At what age should you feel safe in knowing that you may leave your child at home alone? How old is too young to leave them behind without the watchful attention of a sitter? Such questions may be answered by the law, but when it comes right down to it, not even the legal definitions of “old enough” can make your doubts go away.

Parents usually wonder if it is okay to have that lag time between the child returning from school and the parent returning from work being unsupervised. In some cases, parents would like to know if it is okay to once again go out in the evenings and leave the children behind unsupervised. At the same time, these times are then marred by parental nervousness and worst case scenario thinking, causing the parent to cut short meetings or dates and rush home, only to find junior happily munching on some chips.

Here are some things to consider when deciding if your child is old enough to be home alone without a sitter:

  • Generally speaking, a child must ne 12 years of age or older before you are legally permitted to leave him home alone for any period of time. In some states and municipalities this may be different, and before you even consider doing so, check with your local law enforcement agency to know the laws.

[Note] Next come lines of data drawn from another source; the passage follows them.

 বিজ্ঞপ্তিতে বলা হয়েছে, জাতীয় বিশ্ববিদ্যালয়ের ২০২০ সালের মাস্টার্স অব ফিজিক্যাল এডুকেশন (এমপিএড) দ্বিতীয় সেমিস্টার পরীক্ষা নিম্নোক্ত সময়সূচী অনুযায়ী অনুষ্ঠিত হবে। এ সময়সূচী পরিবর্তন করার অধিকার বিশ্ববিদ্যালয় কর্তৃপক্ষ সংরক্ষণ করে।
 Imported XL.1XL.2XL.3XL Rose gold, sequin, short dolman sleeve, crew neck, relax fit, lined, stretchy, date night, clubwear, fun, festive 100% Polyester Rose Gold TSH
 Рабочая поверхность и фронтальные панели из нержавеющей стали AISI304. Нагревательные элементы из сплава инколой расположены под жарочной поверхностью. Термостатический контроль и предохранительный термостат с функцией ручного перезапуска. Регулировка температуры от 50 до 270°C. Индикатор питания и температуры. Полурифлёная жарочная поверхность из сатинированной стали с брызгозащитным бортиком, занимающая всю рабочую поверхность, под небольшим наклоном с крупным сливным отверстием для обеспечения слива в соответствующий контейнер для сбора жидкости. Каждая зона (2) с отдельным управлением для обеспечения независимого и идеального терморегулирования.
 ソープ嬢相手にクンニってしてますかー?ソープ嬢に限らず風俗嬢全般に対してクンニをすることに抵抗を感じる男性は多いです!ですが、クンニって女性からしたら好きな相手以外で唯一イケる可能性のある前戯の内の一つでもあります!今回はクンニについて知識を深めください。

  • You child needs to be responsible. Age does not matter, if your child is not responsible enough to know that he needs to sit down and start on his homework rather than playing video games. Additionally, does your child have good judgment and reasoning abilities, making it possible for him to remember not to open the door when the doorbell chimes, or not let a stranger on the phone know that you are not there?

  • Does your child want to be left home alone? Some children are afraid, even if they are legally and otherwise ready to stay home alone. Do not force your child into this until he is sure that he is ready.

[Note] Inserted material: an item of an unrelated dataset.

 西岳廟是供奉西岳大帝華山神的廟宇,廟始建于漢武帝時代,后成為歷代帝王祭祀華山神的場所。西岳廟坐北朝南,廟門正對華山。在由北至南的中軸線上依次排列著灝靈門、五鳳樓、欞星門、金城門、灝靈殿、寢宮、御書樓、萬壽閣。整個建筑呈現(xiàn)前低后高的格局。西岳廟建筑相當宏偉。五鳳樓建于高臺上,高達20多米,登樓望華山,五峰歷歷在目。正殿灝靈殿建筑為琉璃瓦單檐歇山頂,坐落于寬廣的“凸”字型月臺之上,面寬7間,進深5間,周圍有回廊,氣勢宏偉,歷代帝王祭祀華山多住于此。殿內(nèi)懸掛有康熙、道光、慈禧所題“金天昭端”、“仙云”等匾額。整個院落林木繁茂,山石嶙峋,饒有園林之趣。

  • How are siblings getting along? If you have an older child who likes to torment a younger one or vice versa, this is a recipe for disaster if you put the older child in charge. There is always a bit of bickering, but if the bickering is more or less physical fighting, this is a bad idea.

  • Is your home safe? If you live in a safe neighborhood, your windows and doors are in good repair, and your child knows how to work the burglar alarm and call the authorities if necessary, you could say that it is by and large safe for your child to be home alone. On the other hand, if your home is near to venues that attract unsafe characters and if your neighborhood is prone to gang violence, leaving your child home alone is unwise.

  • Have you trained your child in proper safety procedures? In other words, does your child know what to do if there was an attempted break-in, a fire, or other emergency?

If you answered yes to all of these questions and you believe that you and your child are ready to move into this next phase of the parent and child relationship, follow these simple steps to make this a positive and rewarding experience.

  1. Start small. At first, leave your child alone for 30 minutes while you walk the dog. Gradually increase the amount of time to an hour. Over time, keep increasing the amount of time so that the child may explore his own comfort levels.

  2. Reiterate the rules. Your child must be clear on the house rules and on the expectations you have when he is home alone. This may include responsibility for younger siblings, the notion that homework is to be started at a certain time, the rule that friends of the opposite sex may not visit in your absence, and a host of other do’s and don’ts.

  3. Prepare for emergencies. You child must know what to do. If he is to be in charge of younger siblings, he needs to know infant and child CPR. Sign up for a class together. Additionally, your child needs to know how to operate a fire extinguisher, dial 9-1-1, and also give succinct instructions to emergency personnel who answer the telephone. Moreover, make sure your child has your mobile number and the numbers of other adults for backup.

  4. Model what being home alone is all about. Your child should know what to do in several scenarios, such as losing a house key, having a stranger come to the door, getting hungry, needing help with homework, having you or the other parent running late, answering the telephone, and also dealing with getting lonely.

  5. Prepare siblings for the inevitable power games. If you anticipate the squabbles and problems before they occur, you can most likely prevent a lot of bickering. Identify who is supposed to do what, who is in charge of what and of whom, and also who the ultimate authority is to make that phone call to you when all else fails.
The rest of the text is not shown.